I'm really poor at math, so I've learned to work slowly and check if I really understand something before I go to the next chapter. Most maths is based on previous work / understanding. So, when I rush or try to skip pieces, I misunderstand the next part, making my rushing completely useless.
OTOH, this is a fairly extensive and in-depth reference, which means that if - in the course of your studies or research - you hit on a topic you need to understand better, the book is here to be consulted on that specific topic.
And you won't get the "I don't understand that part" feeling when you read it because the part that's giving you a headache is likely explained somewhere else in the book.
Then study the main trunk and larger branches.
For the deep roots, that is, the foundations, go light on those or will get confused, discouraged, and generally stuck-o. E.g., do some axiomatic set theory if really want; see some of the axiom of choice, but go light on the latest material on model theory and forcings.
Then with the trunk and larger branches, will be able, as circumstances require, get to nearly any of the leafs fairly quickly as required.
For that ~2000 page PDF, there, too, try to find the trunk and larger branches and mostly skip over the leafs. Maybe 80% of that book is leafs.
Finding the trunk and larger branches in that book could be challenging. So, instead, just stay close to the commonly recommended undergraduate math major texts and topics. For each such text, at least glance at the 2-3 leading competitive texts and, then, take what is in common as the trunk and larger branches. Also for each topic, pick the best looking treatment and then glance at the other treatments.

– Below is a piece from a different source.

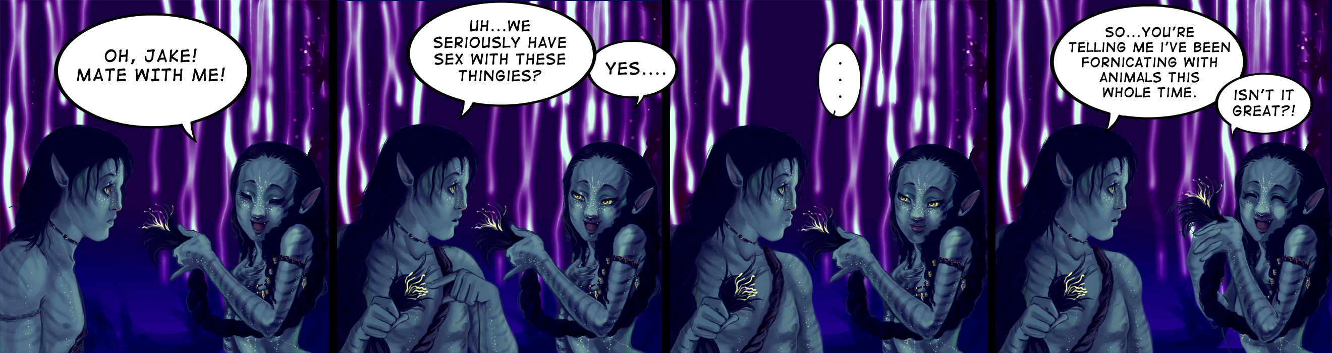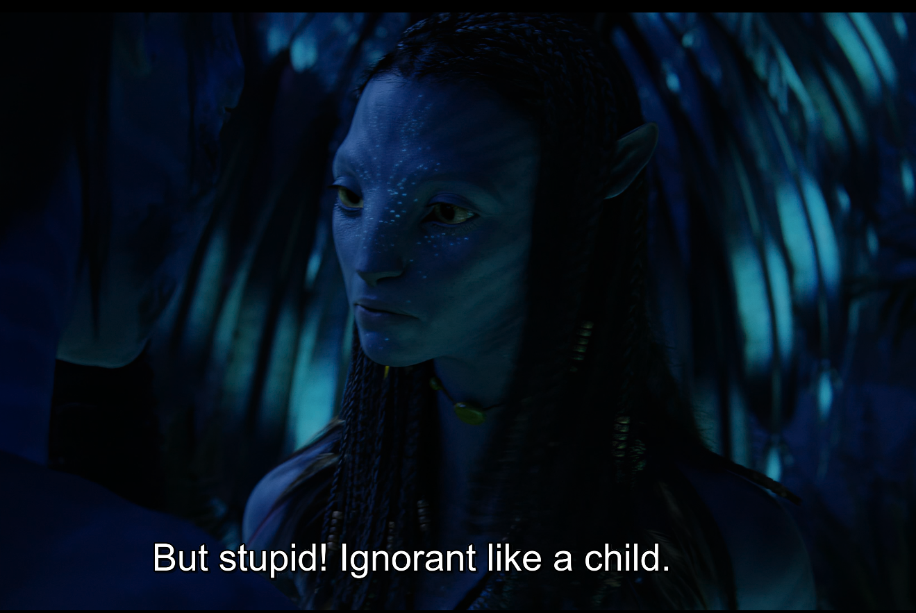 Avatar 1>escape your responsibilities and fuck around in the woodsAvatar 3>go home and be a family na'vi
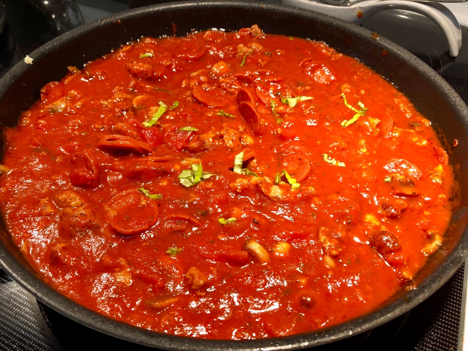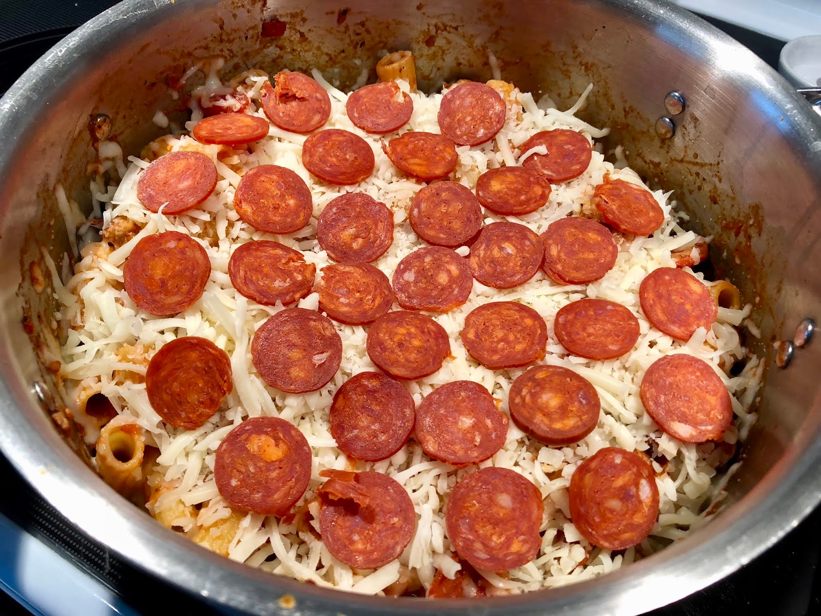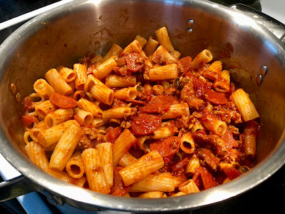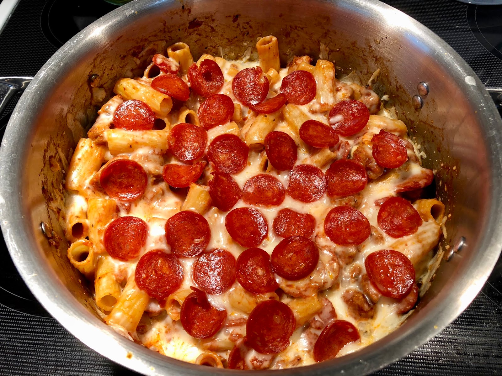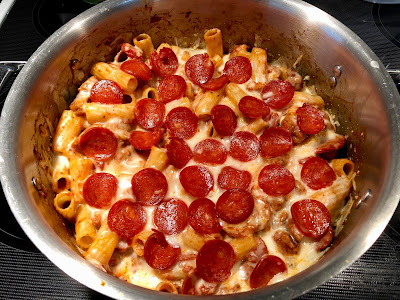 To the pot of drained pasta add the browned sausage, pasta sauce, half the pepperoni, and a 1/2 cup of cheese and stir.

If you can, find a really good math prof in a really good math department at a really good university and try to chat with him about your progress for a cup of coffee (you pay) hopefully 4 times a year. If you can find more than one such prof, even better.
Some departments publish their old copies of their qualifying exams; might get some of those!
One more: Don't let yourself get stuck or discouraged. It's a fact of life that not all the materials are good. So there are some actual errors. Some exercises are just too darned hard, need material presented later in the book or not at all, or are just tangential curiosities not worth the trouble. Some of the writing can be obscure. Often there is not enough motivation to let you figure out what is important and what is not: If really obscure definition X or theorem Y seems not to be used in the rest of the book, then find some good reason to study X and Y or maybe delay them or just skip them. Sometimes obscure X, Y actually are important; sometimes not. There should be motivation, but commonly there is not.
If you can't after a good effort understand something or solve an exercise, don't assume that the difficulty is you or that you are leaving a dangerous hole in your knowledge. If later you decide you need that something, then return and give it another shot.
Generally for a really good, mature view of a book, just need more than one pass through it; so don't seek everything on just a first pass. Even given a really thorough first pass, you will notice significantly more on a second pass, e.g., some later material on the first pass will help you better understand the real points and importance of some earlier material on a second pass. And do glance at some alternative treatments.
One recommendation is to chew on a proof until you really see it thoroughly. A counter recommendation is just to notice that we are all short of time. Net, use some judgment.
TBBH, that's kind of disappointing.
I was hoping to see some sort of insight around deep learning stuff.